Two cross-reacting material–positive (CRM+) factor VII (FVII) mutations, associated with similar reductions in coagulant activity (2.5%) but with mild to asymptomatic (Gly331Ser, c184 [in chymotrypsin numbering]) or severe (Gly283Ser, c140) hemorrhagic phenotypes, were investigated. The affected glycines belong to structurally conserved regions in the c184 through c193 and c140s activation domain loops, respectively. The natural mutants 331Ser-FVII and 283Ser-FVII were expressed, and in addition 331Ala-FVII and 283Ala-FVII were expressed because 3 functional serine-proteases bear alanine at these positions. The 331Ser-FVII, present in several asymptomatic subjects, showed detectable factor Xa generation activity in patient plasma (0.7% ± 0.2%) and in reconstituted system with the recombinant molecules (2.7% ± 1.1%). The reduced activity of recombinant 283Ala-FVII (7.2% ± 2.2%) indicates that the full function of FVII requires glycine at this position, and the undetectable activity of 283Ser-FVII suggests that the oxydrile group of Ser283 participates in causing severe CRM+ deficiency. Furthermore, in a plasma system with limiting thromboplastin concentration, 283Ser-FVII inhibited wild-type FVIIa activity in a dose-dependent manner.

Factor VII (FVII) deficiency is associated with a wide spectrum of coagulation and hemorrhagic phenotypes.1,2 Although a large number of FVII mutations have been described,3 the relationship of molecular and clotting defects to the clinical picture has been poorly defined,3-6 particularly for cross-reacting material–positive (CRM+) deficiencies.7-10 

Functional studies were conducted in plasma and with recombinant variants to provide molecular elements useful to define this relationship in 2 homozygous CRM+ FVII deficiencies associated with markedly different hemorrhagic phenotypes.

Patients

Patients with normal FVII antigen and low FVII coagulant activity (FVIIc) (2.5%), not previously characterized, were studied.

Patient FVII33 (male, age 83, FVIIc 2%); patient FVII34 (male, age 26, FVIIc 0.7%); and patient FVII35 (female, age 30, FVIIc 0.7%) were clinically asymptomatic, while patient FVII36 (male, age 39, FVIIc 0.6%) experienced epistaxis and gum hemorrhage.
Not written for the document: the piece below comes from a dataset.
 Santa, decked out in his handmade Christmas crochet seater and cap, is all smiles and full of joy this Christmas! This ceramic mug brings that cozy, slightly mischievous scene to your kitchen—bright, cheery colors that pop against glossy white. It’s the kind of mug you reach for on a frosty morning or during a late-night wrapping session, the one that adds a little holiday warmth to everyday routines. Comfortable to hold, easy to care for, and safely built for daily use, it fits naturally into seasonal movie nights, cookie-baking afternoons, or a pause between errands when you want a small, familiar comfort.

Patient FVII37 (female, age 71, FVIIc 1.1%) was referred for anemia following chronic bleeding (rectorrhagia, hemorrhoids).
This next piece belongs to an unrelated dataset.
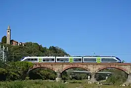 ![]() The railway bridge over the torrent Elvo. In transit an electric Minuet train | |||||||||||||||||||||||||||||||||||||||||||||||||||||||||||||||||||||||||||||||||||||||||||||||||||||||||||||||||||||||||||||||||||||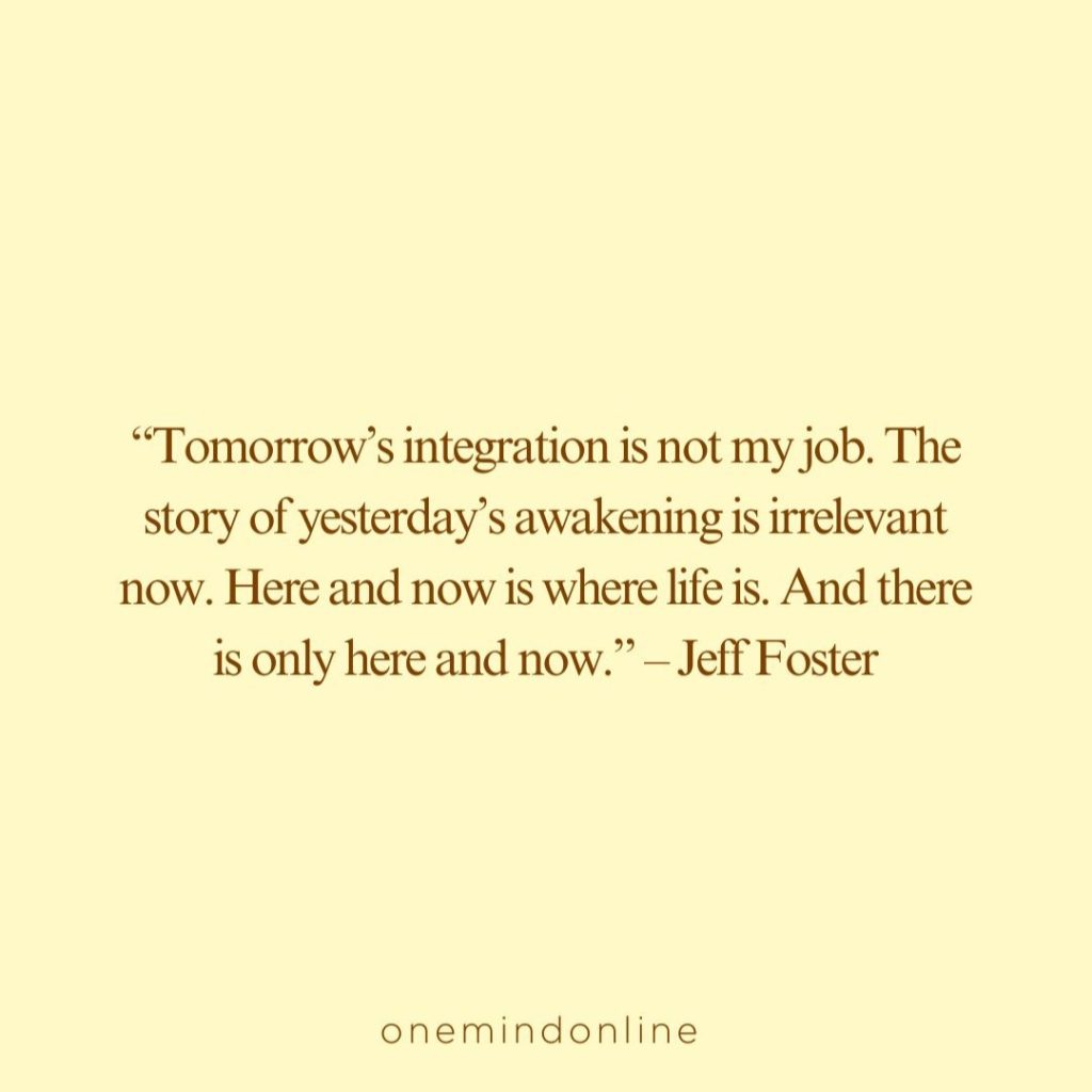 “Tomorrow’s integration is not my job. The story of yesterday’s awakening is irrelevant now. Here and now is where life is. And there is only here and now.” – Jeff Foster

Patient FVII38 (female, age 30, FVIIc 2.5%) experienced recurring hemorrhages (menometrorrhagia, melena) and had hemarthroses. Two episodes of hemoperitoneum occurred following rupture of ovarian cysts. Fresh plasma, FVII concentrates, or FVII (Provertin-UM, Immuno, Pisa, Italy) were administered on several occasions.

Genetic analysis

Mutation search and detection of FVII polymorphisms were performed as previously described.11,12 Mutagenesis and transfection expression vectors were created by site-directed mutagenesis of plasmid pCDNA3-FVII.13Oligonucleotides for mutagenesis spanned the following complementary DNA nucleotides: (1) 1193 through 1220 containing the 1206G > A transition (Gly331Ser) or the 1207G > C transversion (Gly331Ala); (2) 1040 through 1073 containing the 1062G > A transition (Gly283Ser) or the 1063 G > C transversion (Gly283Ala).
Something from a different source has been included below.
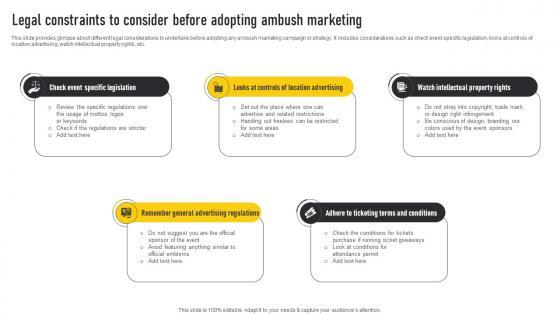 This slide provides glimpse about different legal considerations to undertake before adopting any ambush marketing campaign or strategy. It includes considerations such as check event specific legislation, looks at controls of location advertising, watch intellectual property rights, etc. The best PPT templates are a great way to save time, energy, and resources. Slidegeeks have 100 percent editable powerpoint slides making them incredibly versatile. With these quality presentation templates, you can create a captivating and memorable presentation by combining visually appealing slides and effectively communicating your message. Download Legal Constraints To Consider Before Adopting Ambush Automate Guerrilla Promotional Icons Pdf from Slidegeeks and deliver a wonderful presentation. This slide provides glimpse about different legal considerations to undertake before adopting any ambush marketing campaign or strategy. It includes considerations such as check event specific legislation, looks at controls of location advertising, watch intellectual property rights, etc.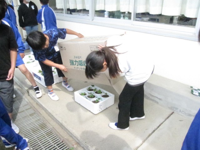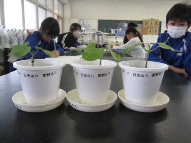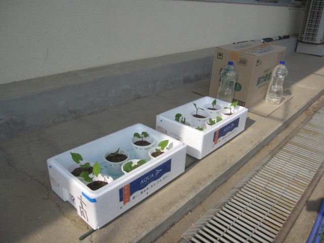 発芽した植物が成長する条件を調べる実験をセットしました。しばらくしたら、結果を確認します。

BHK cells were transiently transfected13 with the use of serum-free medium. FVII antigen and coagulant activity, FVII coagulant activity, and FVII antigen in plasma or conditioned medium were determined as described.13 

Factor Xa generation assay

Plasma.

The reaction was initiated by adding an excess (30 μL) of thromboplastin (Thromborel S) (Behring, Marburg, Germany) to 50 μL diluted plasma (1:20, 1:40, 1:80, and 1:140 in 20 mM HEPES, 150 mM NaCl, 0.1% PEG 8000, 5 mM CaCl2, pH 7.4.

Recombinant FVII.

FVII in 2 nM conditioned medium was incubated 5 minutes at 37°C with 1 nM human factor Xa (hFXa) (Sigma, St Louis, MO); 300 μM 75% phosphatidylcholine/25% phosphatidylserine14; and 5 mM CaCl2 in 50 μL final volume. After addition of 30 μL thromboplastin, FXa generation was started with 40 nM hFX (Sigma).

Quenching reactions.

Reactions were quenched with 30 μL 20 mM HEPES, 150 mM NaCl, 0.1% PECT 8000, 50 mM EDTA, pH 7.4 after 5 minutes' incubation at ambient temperature. FXa fluorogenic substrate (MeSO2-D-CHA-Gly-Arg-AMCAcOH) (American Diagnostica, Greenwich, CT) was added (200 μM), and fluorescence (360 nm excitation, 465 nm emission) was measured on SpectraFluorPlus microplate reader (TECAN, Salzburg, Austria).

Standardizing assays.

Assays were standardized with dilutions of pooled normal plasma (PNP) or of recombinant wild-type (rWt) FVII. Molecular modeling of FVII was performed by means of Swiss Model (GLAXO, Geneva, Switzerland) through the ProMod program,15 and CHARMs software. The crystal coordinates of the tissue factor–FVIIa complex (1DAN), FVIIa (1QFK, 1CVW, 1DVA) and FVII (1JBU),16-20 were from the protein data bank.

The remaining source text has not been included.